America is arguably more polarized than ever before as people on both ends of the political spectrum close their ears to any discussion that does not exist within their respective echo chambers.
These conversations are not a vehicle to tell your relatives they’re wrong or try to win a debate. Political discourse does not always mean shouting and bitter grudges — it can also foster a mutual understanding of where another person is coming from.
There are, however, notable exceptions to this call to action. Being able to confront your more conservative or liberal family members comes from a place of privilege.
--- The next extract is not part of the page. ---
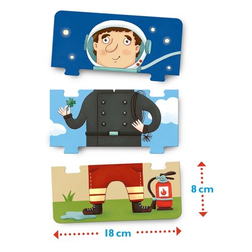 Astronaut se sukní a hasičskou helmou? Kominík s pouty a lékařským pláštěm? Nebo vám lépe vyhovuje údržbářská kombinéza? Části třídílných skládaček lze mezi sebou libovolně zaměňovat. S extra velkými dílky si mohou malí milovníci puzzle snadno vymýšlet své vlastní bláznivé práce. Hlavolam u dětí hravou formou procvičí koncentraci a kreativitu, dále se také naučí něco o zaměstnání. Hlavní vlastnosti: rozvíjí představivost a koncentracizlepšuje obratnost a koordinaci ruka-okoskvělé pro edukaci o práci
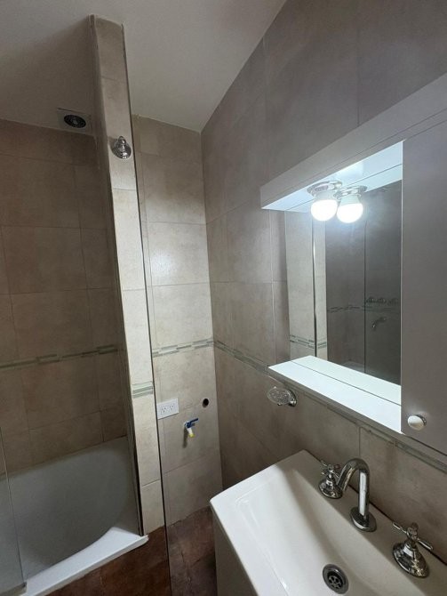 Baño completo, espacio para lavarropas de carga superior, vanitory con botiquín y espejo y bañera con mampara de vidrio

Many cannot voice their opinions around the Thanksgiving table out of fear their families will not respect their very existence.
For example, LGBTQ people may not be able to have a well-rounded conversation about their own rights if they have not come out yet and, even if they have, may not be respected by their relatives. Some people are too impassioned to separate their emotions from politics and may be threatening in the face of disagreement.
There is no obligation to embark on a self-destructive path if your opinions may endanger you and make you susceptible to legitimate harm from your family.
But if the worst consequence you will face for your thoughts is an argument and a few dirty looks once a year, you have no excuse. There is a difference between not feeling safe and not feeling comfortable.
It’s okay for the conversation to get intense — it likely will. But it is fully possible to separate heightened emotions from personal relationships and, in today’s climate, it is essential to do so.
All of this being said, we must err on the side of caution and not enter these discussions with a sense of moral superiority over relatives. Instead, it is essential to try to genuinely understand an alternative perspective, while remaining firm in your own when you must.
Skirting around politics, which affect all of us greatly, will never create a connection with family. Fully understanding each other means also understanding your disagreements.
This Thanksgiving, whether spent with family, friends or anything in between, we cannot let another apathetic dinner pass us by. On Thursday and every day, it is our job to stand up for ourselves whenever we can, even if that means your grandma refuses to pass you the mashed potatoes this year.